- _WORK REQUEST_
Extract, exactly and without pictures, every line from the one that includes "The Fondant Foundation" through the final line of the material below.

- _EXERCISE DATA_
<<<<

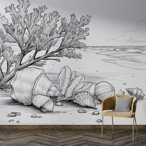 WonderMuralQuesta carta da parati murale rappresenta una affascinante scena di spiaggia, mostrando delicate conchiglie e alghe disegnate con precisione, crean...
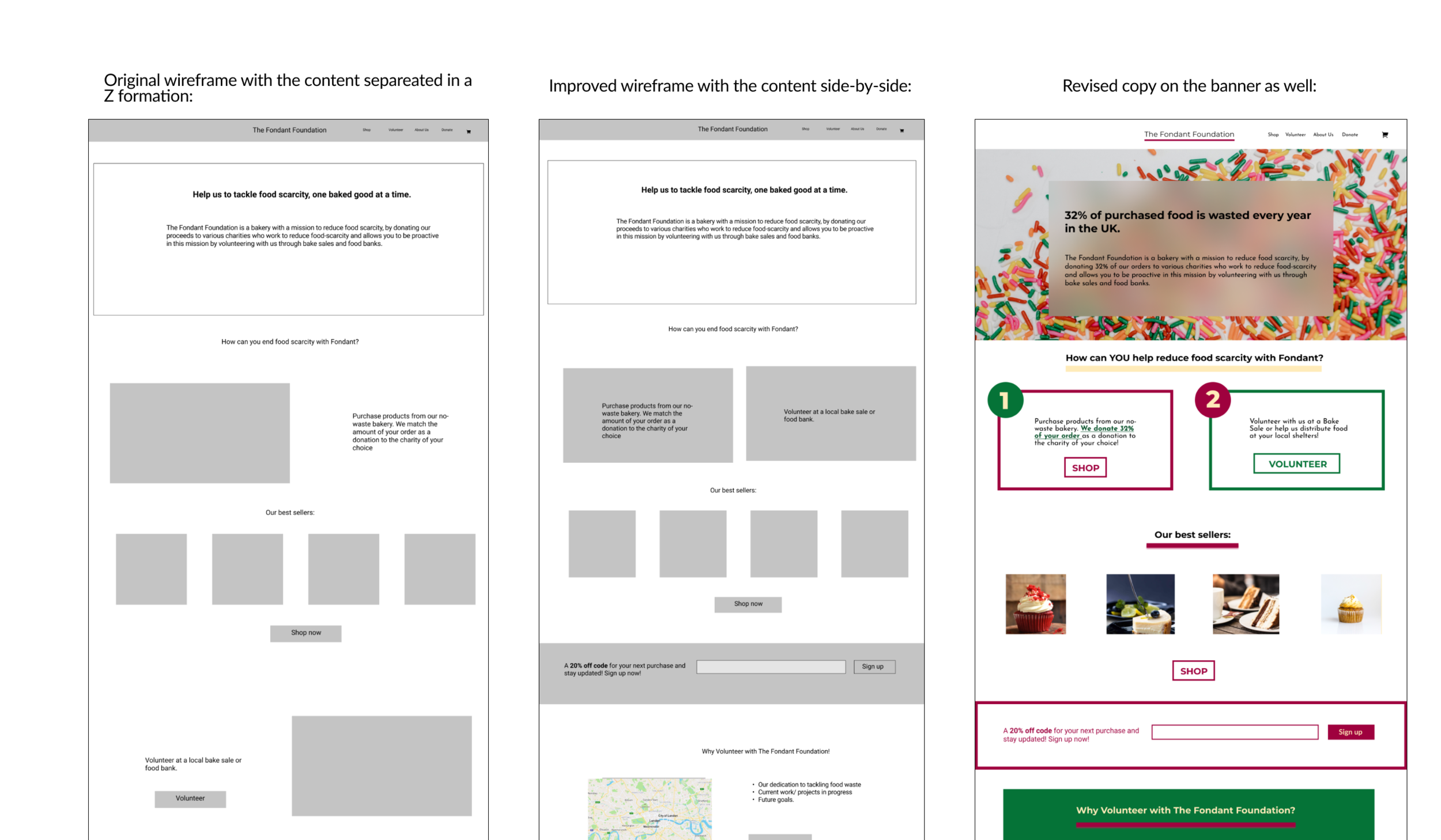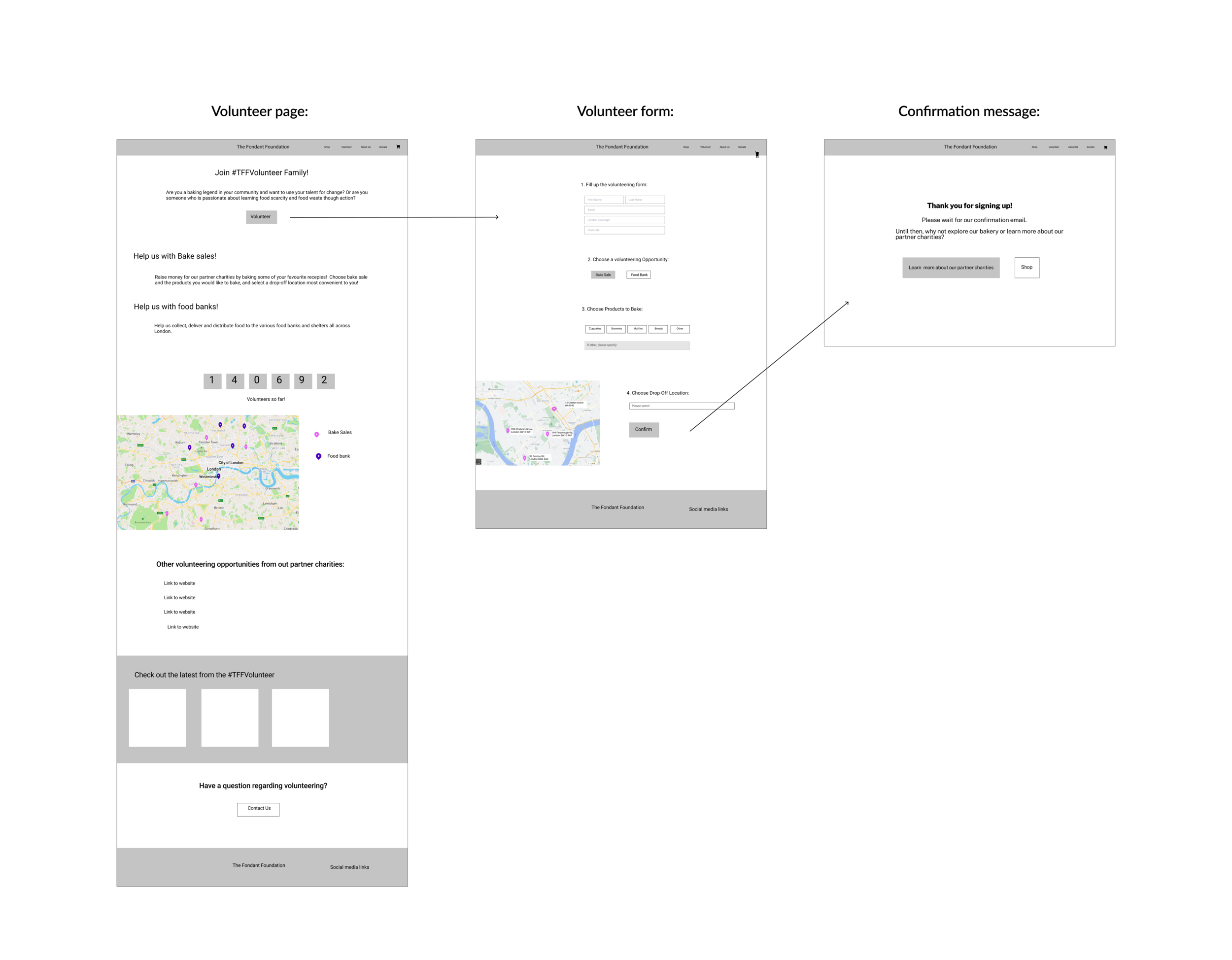 The Fondant Foundation had three target audiences in mind, so we look at 2 potential user flows as they navigate around the website:
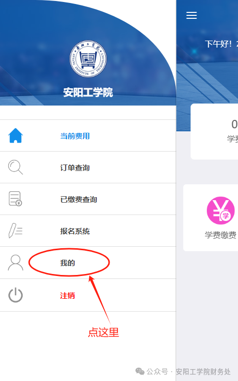 方法二:点击“安阳工学院财务处”微信公众号下方的“学生缴费”,输入用户名(学号)和密码(身份证号码后六位)登录,也可在登录界面选择证件号+姓名方式登录。
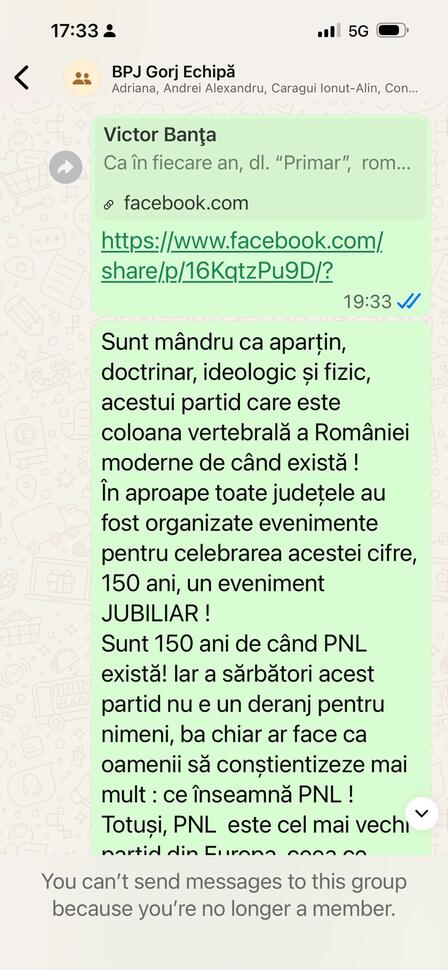 Mesajul sugerează că ar fi un om care s-a opus sistemului și a fost sancționat pentru asta. Însă, în lipsa unor dovezi clare privind presiunile invocate, această poziționare riscă să pară mai degrabă o strategie de victimizare decât o demonstrație de integritate. Banța prezintă doar niște probe că liderul PNL Gorj a cerut să fie scos din grupuri interne de comunicare ale partidului, doar pentru că bătea câmpii. Și oricum nu avea ce căuta acolo, dacă nu era membru al PNL.

>>>>

- _EXERCISE SOLUTION_
 The Fondant Foundation had three target audiences in mind, so we look at 2 potential user flows as they navigate around the website:
 方法二:点击“安阳工学院财务处”微信公众号下方的“学生缴费”,输入用户名(学号)和密码(身份证号码后六位)登录,也可在登录界面选择证件号+姓名方式登录。
 Mesajul sugerează că ar fi un om care s-a opus sistemului și a fost sancționat pentru asta. Însă, în lipsa unor dovezi clare privind presiunile invocate, această poziționare riscă să pară mai degrabă o strategie de victimizare decât o demonstrație de integritate. Banța prezintă doar niște probe că liderul PNL Gorj a cerut să fie scos din grupuri interne de comunicare ale partidului, doar pentru că bătea câmpii. Și oricum nu avea ce căuta acolo, dacă nu era membru al PNL.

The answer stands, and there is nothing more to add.